Important takeouts:
The 2021-style bearish divergence on the weekly chart shows a possible 50% or more correction against $64,000.
Peter Brandt warns that Bitcoin is at risk of retrieving its parabolic trendline soon or ending the bull cycle before it reaches its $150,000 target.
Bitcoin (BTC) has surged to a record $112,000, which recorded new hopes for its $150,000 goal by the end of the year, but the quick fix below $105,000 is testing its bullish narrative.
Is Bitcoin painting a bearish inverted setup?
Bitcoin draws what appears to be an inverted cup and handle pattern, and its neckline serves as current support for nearly $100,800. As of June 7th, the price has entered the handle formation stage, focusing on breakdowns under the neckline.
Based on the reverse cup and handle pattern setup, a breakdown below $100,800 is likely to drop to $91,000 for Bitcoin.
The $91,000 downside target coincides with BTC’s 200-day exponential moving average (200-day EMA, blue wave).
Bitcoin’s relative strength index (RSI) has declined in parallel with its price, indicating the conviction of a powerful trader behind the ongoing sale.
As of June 7th, the RSI measured 52, reflecting the weaker reverse momentum. A break below 50 can increase the negative side pressure.
To regain control, the Bulls must regain Bitcoin’s 20-day EMA (purple wave) resistance at a level of around $105,000. A decline towards $91,000 could effectively reduce the likelihood that BTC will hit $150,000 by the end of 2025.

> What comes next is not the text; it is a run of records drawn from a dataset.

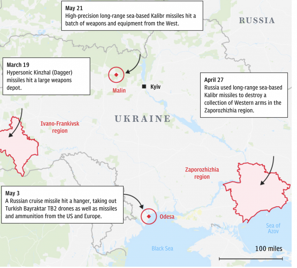 Ett annet friksjonsfelt er utenlandske våpenleveranser. Telegraph offentliggjør et kart som angivelig viser russiske rakettangrep som ødela slike leveranser før de ble fordelt.
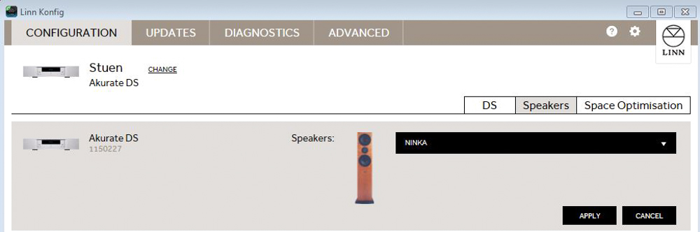 SPACE Optimation is installed and test run on my Akurate DS. The installation itself is intuitive and painless, and behaves more or less like any other upgrades that has been through during all those years when Akurate DS has been in my possession. An initial update of the configuration program Linn Konfig followed by firmware update of Akurate DS, managed in the same Linn Config.
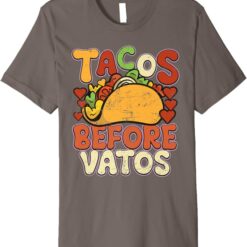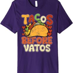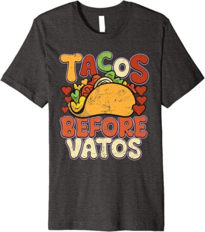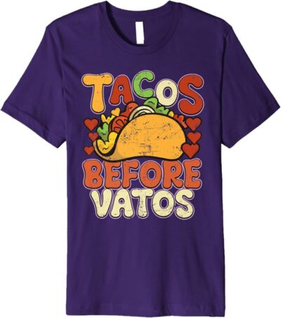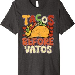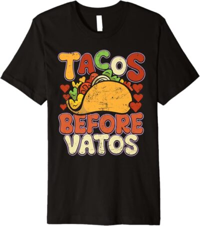 - Show off your love for tacos and Mexican culture with the “Tacos Before Vatos” t-shirt, featuring a fun and bold design that puts tacos above all else, a true statement for every taco lover.
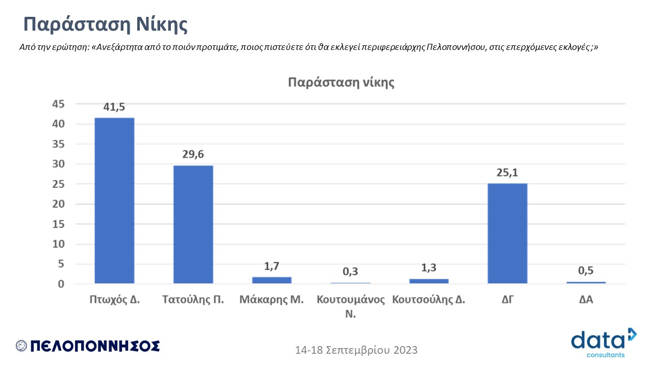 * Οι πολίτες της Περιφέρειας Πελοποννήσου σε ποσοστό 41,5% θεωρούν ότι θα κερδίσει τις εκλογές ο Δ. Πτωχός και μόλις σε ποσοστό 29,6% ότι θα κερδίσει ο Π. Τατούλης.
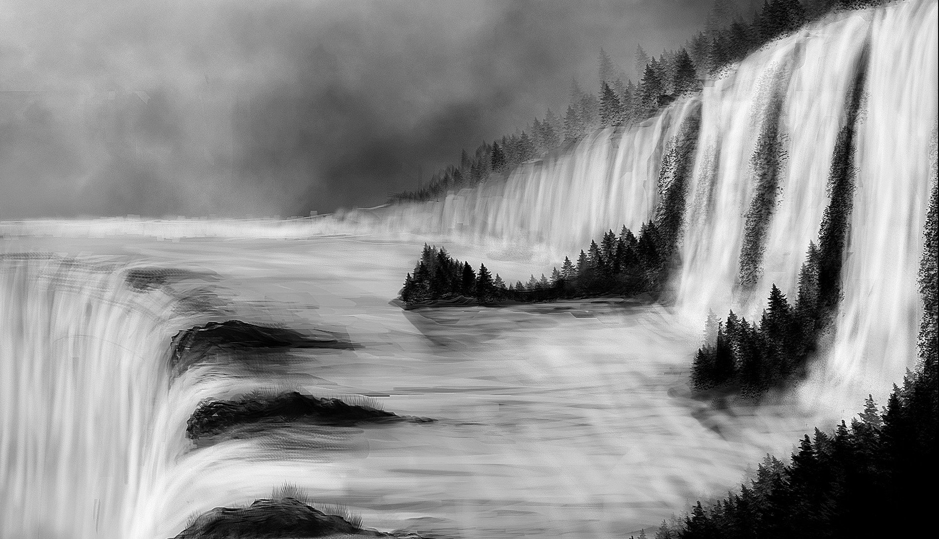 ![Чёрно-белый пейзаж]()
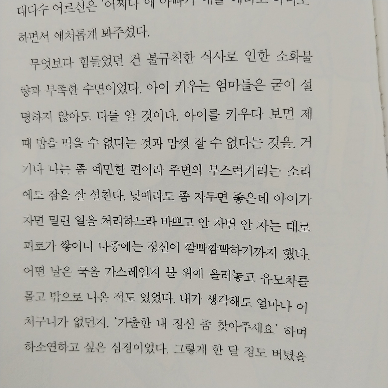 가끔은 아무것도 안 하고 늘어지게 늦잠 자고 싶다. 2시간 만에 일어나는 신생아 때엔 새벽에 수시로 깼다. 육아 스트레스는 피로 누적과 함께 걷잡을 수 없이 커졌다. 그렇다고 늘어지게 늦잠 잘 수 없다. 회복 없는 육아의 악순환이 계속해서 이어진다. 2교대, 3교대보다 더 힘든 직업이 부모라는 저자의 말에 공감했다. 첫째와 둘째는 유독 일찍 일어난다. 주말에도 어김없다. 6시 30분이면 첫째든 둘째든 경쟁하듯 일어난다. 누가 됐든 더 늦게 일어나는 날에는 단연코 아픈 날이다. 문득 알람 소리 없이 아이들보다 먼저 일어나는 일이 서글퍼질 때가 있다.
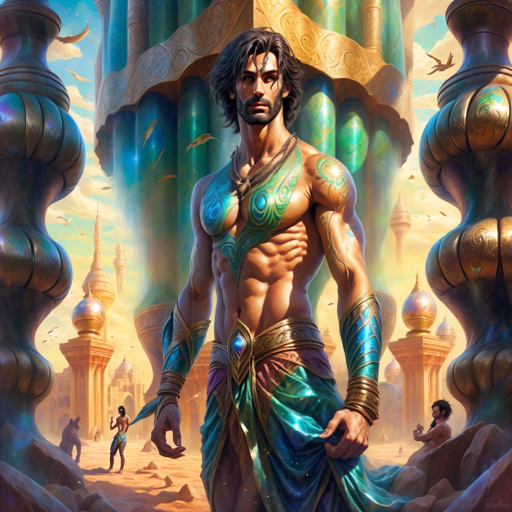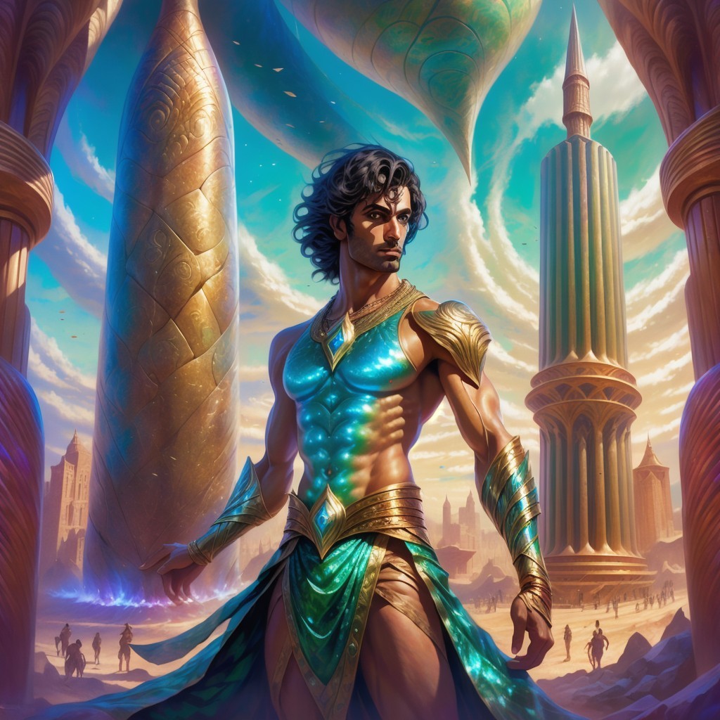 A futuristic scene featuring a heroic figure in shimmering armor, surrounded by colossal, glowing orbs and striking architectural structures, set against a desert landscape.
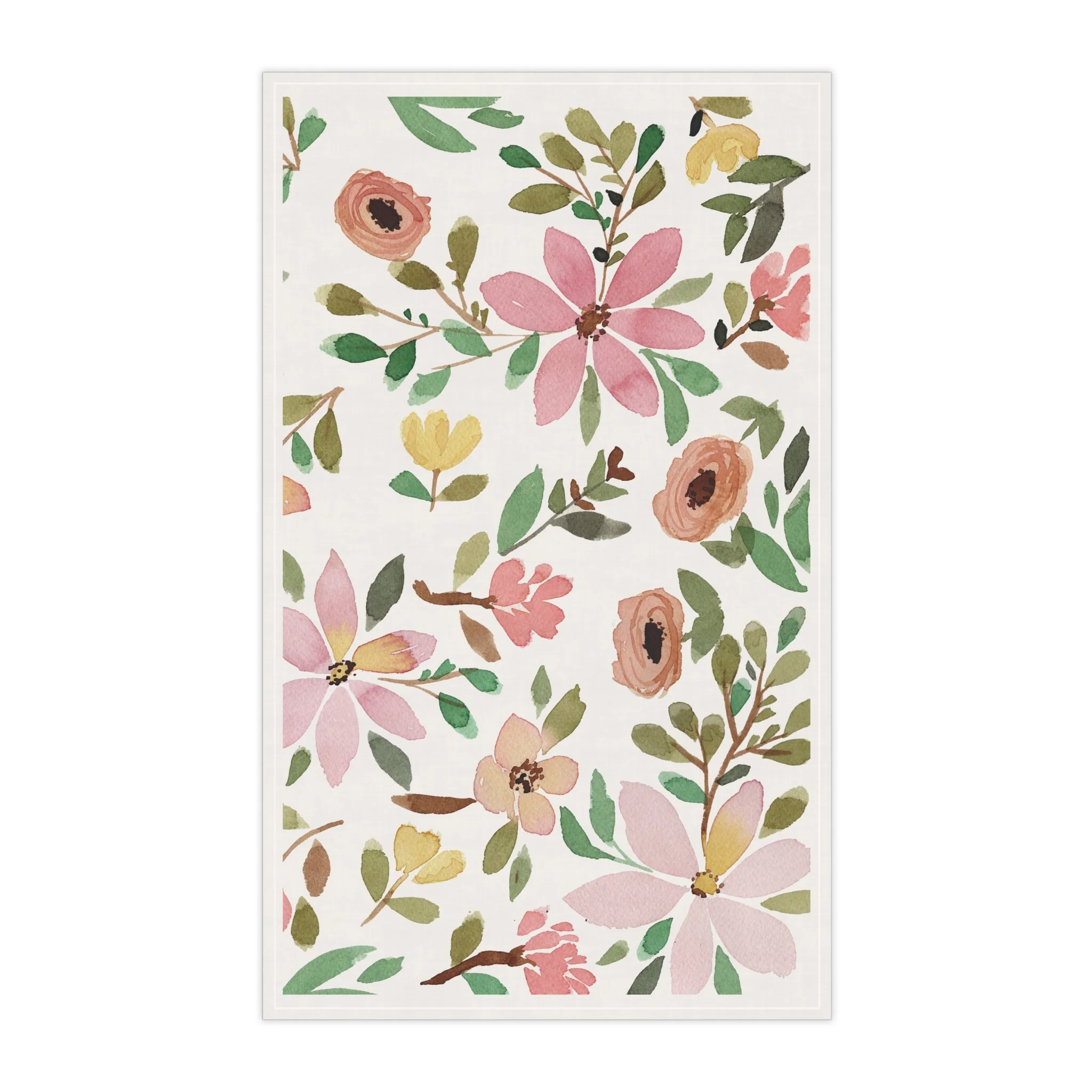 Bring the beauty of pink florals into your kitchen with these vibrant and durable tea towels. Ideal for those who appreciate watercolor art and want to elevate their kitchen decor. Great for gifting on birthdays, Mother's Day, or housewarming parties. Hemmed edges for durability. Vibrant colors with crisp prints. 100% cotton twill options. Available in one size: 18" × 30". Care instructions, machine wash: cold (max 30C or 90F), gentle cycle, mild detergent. Do not bleach. Tumble dry: low heat

2021 Fractal suggests that BTC will not reach $150,000 in 2025
On a wider timescale, familiar warnings flash on Bitcoin weekly charts.
A bearish divergence has formed between prices and RSI, reflecting the top of the cycle in 2021, when RSI fell despite high prices. That difference preceded a 200-week EMA (Blue Wave) and a 61% revision to:
A similar structure is now visible. The divergence forms just below $112,000 in height and is projected to pullback targets of around $64,000 near the 200-week EMA, indicating a potential 52% decline.
This historic setup raises doubts about Bitcoin reaching the widely debated $150,000 target by the end of 2025.
Veteran trader Peter Brandt adds more weight to this outlook.
In a May 2025 analysis, Brandt identified an upward wedge pattern and warned that Bitcoin must regain its parabolic trendline so that it will continue to do well at the top of the cycle of $125,000-$150,000 by August or September 2025.
He says that if they don’t, they could mark the end of the current bullish cycle.
Gold’s Trajectory, Bitcoin “Bull Flag” suggests $150,000
Despite the growing number of technical warnings, some analysts are confident about Bitcoin’s path to $150,000.
Traders see similarities between Bitcoin’s current market structure in the 2000s and the explosive breakout of gold. They argue that BTC can mimic Gold’s historical trajectory and bolster the $150,000 scenario.
Analyst Tony Severino cites a potential bull flag structure to predict the BTC price boom to $150,000.
From an on-chain perspective, Bitcoin researcher Axel Adler Jr. believes that BTC is approaching an important “start” rally zone based on historical cycle patterns.
If the NUPL/MVRV ratio is damaged and held above 1.0, analysts say it can push Bitcoin prices up to the $150,000-$175,000 range, similar to the rallies seen in 2017 and 2021.
This article does not include investment advice or recommendations. All investment and trading movements include risk and readers must do their own research when making decisions.